You will need about 2000 iterations and about 6000 function evaluations.
Accepted Answer
John D'Errico
on 8 Apr 2018
Edited: John D'Errico
on 8 Apr 2018
These equations are rather numerically nasty. So fsolve may well have problems.
x = sym('x',[1 2]);
F(1) = (24/(x(1)))+(3/(sqrt(x(1)))) - x(2) + 0.34; %%first function
F(2) = x(1) - ((371e-4)/.0014)*sqrt((4*9.81*(6800)*1000*(371e-4))/(3*x(2))); %%2nd function
xsym = solve(F)
xsym =
struct with fields:
x1: [4×1 sym]
x2: [4×1 sym]
There are 4 solutions that solve found, only two of which are real. And one of those real solutions was apparently not a solution at all.
vpa(xsym.x1)
ans =
81273.682385843104986453160925862
83807.81449859714950662847111925
- 82572.409341874106485295141282072 - 1268.168832976111876747928305322i
- 82572.409341874106485295141282072 + 1268.168832976111876747928305322i
vpa(xsym.x2)
ans =
0.35081846126435722534542088738111
0.32992352460468702550608076574237
0.33962925563058826267375383409956 - 0.010434692599468016237426647495723i
0.33962925563058826267375383409956 + 0.010434692599468016237426647495723i
Taking those possible solutions, we see that the first is indeed a root, while the second real solution is indeed spurious, thus not a root.

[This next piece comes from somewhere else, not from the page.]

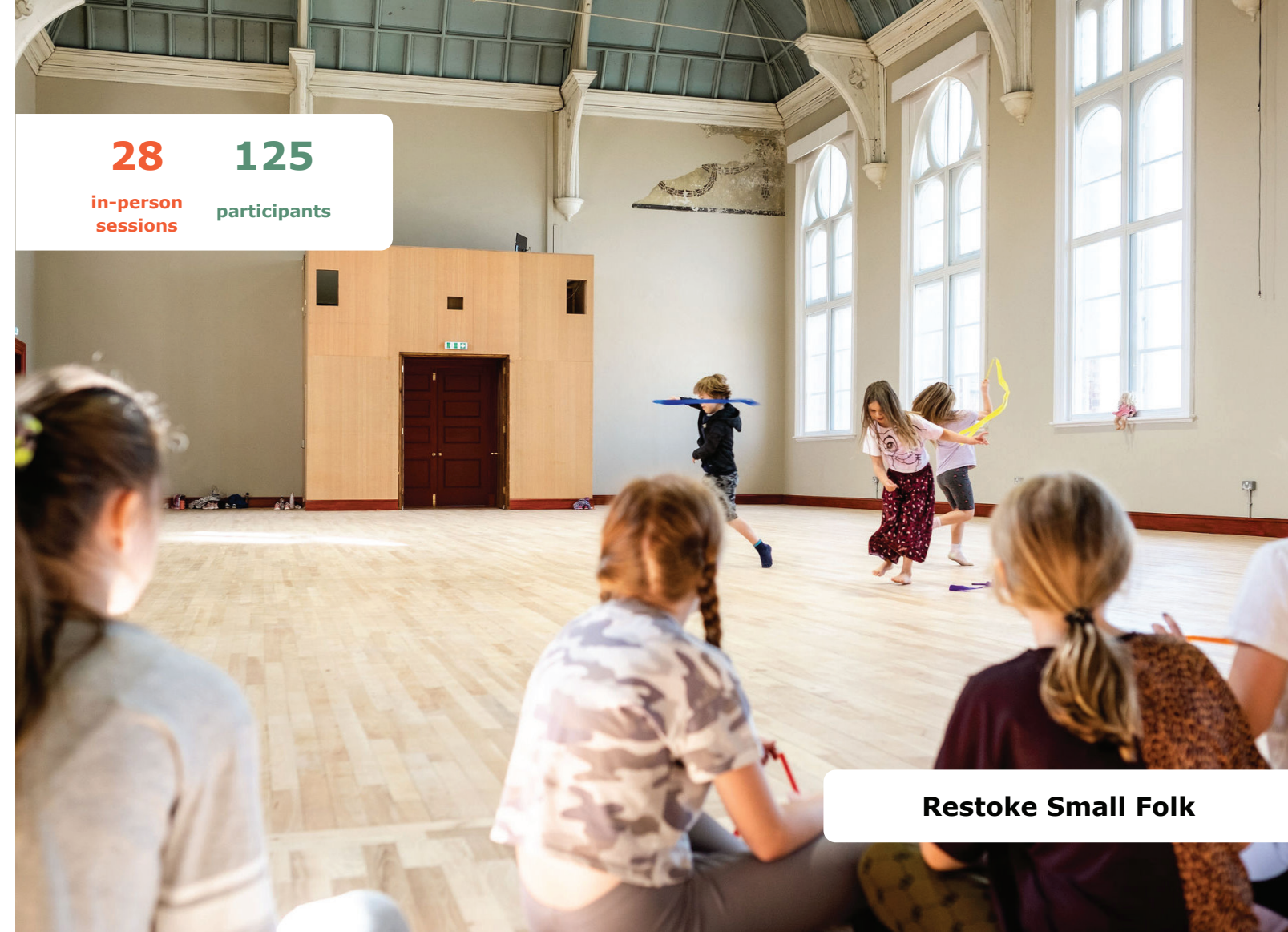
Restoke Small Folk

Thanks to funding from This Girl Can (Sport England) we will be continuing to offer dance workshops for mothers throughout 2022.

X = vpa([xsym.x1(1),xsym.x2(1)])
X =
[ 81273.682385843104986453160925862, 0.35081846126435722534542088738111]
subs(F,x,X)
ans =
[ 0, 2.4074124304840448163199724282312e-35]
X = vpa([xsym.x1(2),xsym.x2(2)])
X =
[ 83807.81449859714950662847111925, 0.32992352460468702550608076574237]
subs(F,x,X)
ans =
[ 0.020725689744471398174727540556394, 0]
5 Comments
Walter Roberson
on 8 Apr 2018
(Maple correctly returns one solution, somehow figuring out that the other 3 are not valid. It is even possible to generate a closed form solution involving one of the roots of a quartic (degree 4)... but it's a pretty long solution!
Peter Phung
on 8 Apr 2018
Edited: Peter Phung
on 8 Apr 2018
Walter Roberson
on 9 Apr 2018
In real life, the answers from Maple need to be cross-checked too!
DHABALESWAR MOHAPATRA
on 24 Sep 2023
what if i have a large system? How to find the solution then?
Walter Roberson
on 24 Sep 2023
Are you trying to proceed purely numerically using fsolve() ? Or are you trying to find closed-form or indefinite precision solutions using Symbolic Toolbox solve? Or are you trying to find higher-precision numeric solutions using Symbolic Toolbox vpasolve ?

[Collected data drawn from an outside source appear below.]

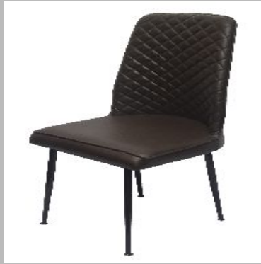
NEW DINNING 03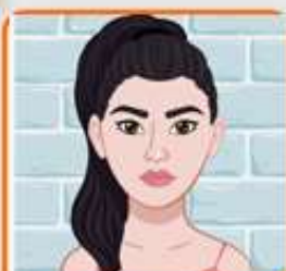
My profile picture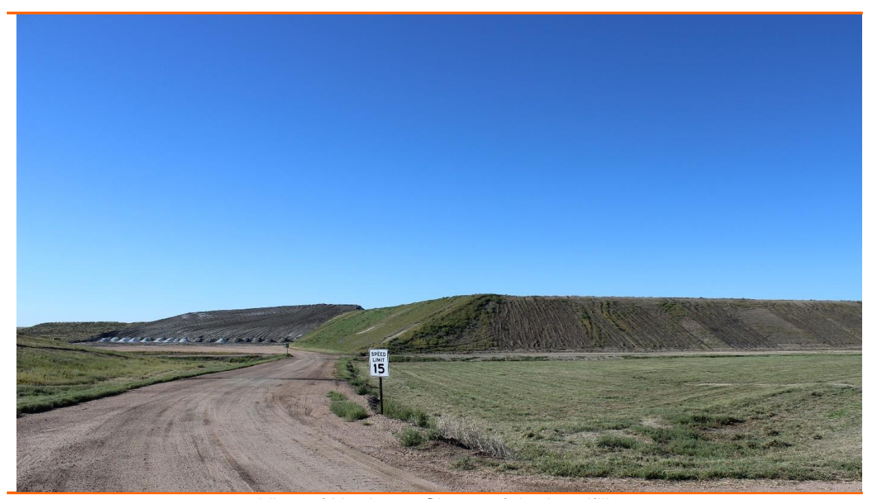
View of Northeast Slopes of the Landfill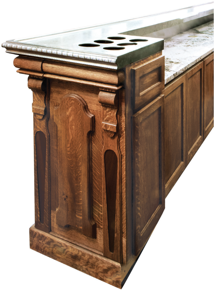
Detail images of the side and back of the Pewter Top Bar.

If you are doing numeric solutions using fsolve() then you would provide it with an options structure that increased the maximum iterations and the maximum number of function evaluations. For particularly "bumpy" systems it can take sometimes millions of evaluations to find a solution, and that can add up to a fair bit of time.
vpasolve() is typically slower than fsolve() -- but not always. There are some functions that vpasolve() is able to reason about to pick more likely solution spaces. There are also cases where double precision calculations are not stable enough, leading to long searches using fsolve() but the extended precision of vpasolve() might happen to give a system stable enough for relatively direct solution.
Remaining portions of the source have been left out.